# Applying Urea/nitrogen on Orchard Grass How much?



## whitmerlegacyfarm (Aug 26, 2011)

So im trying to get caught up. I have some spraying and fertilizing to get done. We have been getting good amount of rain so with granular Urea how many pounds of 46-0-0 can I spread on orchard grass fields? Ive always spun on around 200lbs per acre I believe I cant remember but now im doin more land and want to be more cautious on others lands. Also would fertilize or spray first or doesnt it matter? Thanks


----------



## Hayman1 (Jul 6, 2013)

I just did 50#N as urea but did not use a stabliizer for it. You are talking about 92-can't imagine doing that here this close to July heat and lack of rain. Not sure how far behind us you are in seasons, we are busting a gourd to start OG dry hay on the 15th of may and miss that many years. I topdressed about half of my acreage this year for the first time as a test. Always thought that it got too dry to quickly to pay off. However, the fields that were TD look really nice right now and I have had a lot of years where I cut second cutting as high as they are now. Won't cut till the og starts to fire off due to heat.

On spraying, you did not say if it was the second cutting fields or what you were spraying-if second cutting and you are spraying for horse nettle and milkweed, I would fertilize now and wait till these get 3 or so inches high and spray with surmount. works great, just can't sell to the mushroom guys due to carryover.


----------



## 8350HiTech (Jul 26, 2013)

You're going to have to consider your P and K levels before you determine your N rates. You can't grow leaves without roots. Not for very long anyway.


----------



## NDVA HAYMAN (Nov 24, 2009)

I also put on 50# of N after each cutting unless its too dry. We soil test every year and put on micros throughout the season as needed. I use ammonium sulfate mostly.
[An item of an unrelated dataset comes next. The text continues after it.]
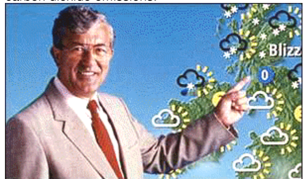
Bill Giles as many know him

Former BBC senior weatherman, Bill Giles OBE, launched the West Midlands Climate Change Pledge website at BETT 2006 in January. He explained that climate change is happening and that it will have far-reaching effects on our lives. "Average annual temperatures around the world are increasing," he said, adding, "Action is needed to reduce the negative impacts of this global warming by reducing the emission of gases that contribute to the greenhouse effect. Schools can play their part by pledging to reduce carbon dioxide emissions."

I think it's more bang for the buck.


----------



## whitmerlegacyfarm (Aug 26, 2011)

My P and K should be fine it was above optimal last year and soil sample oh called for nitrogen if I kept in hay. When it call for so many Units how to convert that to pounds for Ureathat is 46-0-0. I will have to check again but I think sample recommended 120 units of nitrogen.​


----------



## swmnhay (Jun 13, 2008)

whitmerlegacyfarm said:


> My P and K should be fine it was above optimal last year and soil sample oh called for nitrogen if I kept in hay. When it call for so many Units how to convert that to pounds for Ureathat is 46-0-0. I will have to check again but I think sample recommended 120 units of nitrogen.​


46-0-0 is 46% nitrogen.For each 100 lbs of product you get 46 lbs of N.

200 = 92 lbs N


----------